→ What to work on: From the data below, retype exactly the lines starting with the one that contains "潮音洞口朝大海,呈張口狀。日" and ending with the one that contains "Dromedar. Buchillustration (Holzschnitt)", both included.

→ Material provided:
※
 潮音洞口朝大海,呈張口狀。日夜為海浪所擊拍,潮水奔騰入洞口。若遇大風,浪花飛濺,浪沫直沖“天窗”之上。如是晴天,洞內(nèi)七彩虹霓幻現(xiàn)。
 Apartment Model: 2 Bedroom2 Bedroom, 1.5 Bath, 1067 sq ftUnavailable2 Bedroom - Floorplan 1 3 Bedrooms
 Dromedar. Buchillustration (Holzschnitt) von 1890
※
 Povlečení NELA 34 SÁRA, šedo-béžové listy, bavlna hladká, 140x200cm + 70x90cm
※
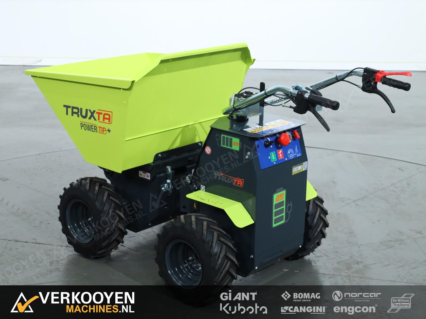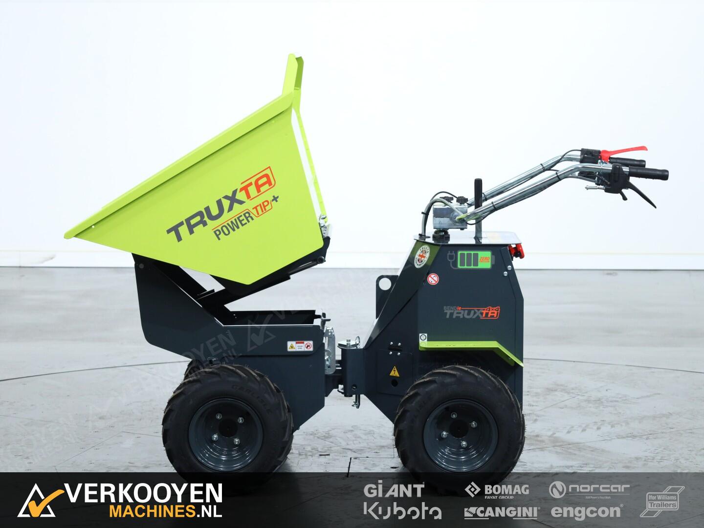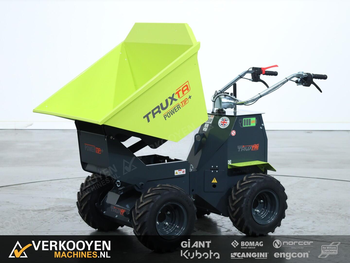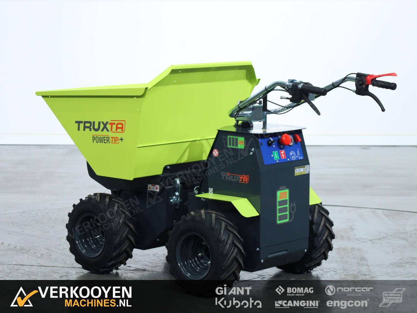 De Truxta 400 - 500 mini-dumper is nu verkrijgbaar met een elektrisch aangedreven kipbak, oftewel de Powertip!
※
→ Response to the task:
 潮音洞口朝大海,呈張口狀。日夜為海浪所擊拍,潮水奔騰入洞口。若遇大風,浪花飛濺,浪沫直沖“天窗”之上。如是晴天,洞內(nèi)七彩虹霓幻現(xiàn)。
 Apartment Model: 2 Bedroom2 Bedroom, 1.5 Bath, 1067 sq ftUnavailable2 Bedroom - Floorplan 1 3 Bedrooms
 Dromedar. Buchillustration (Holzschnitt) von 1890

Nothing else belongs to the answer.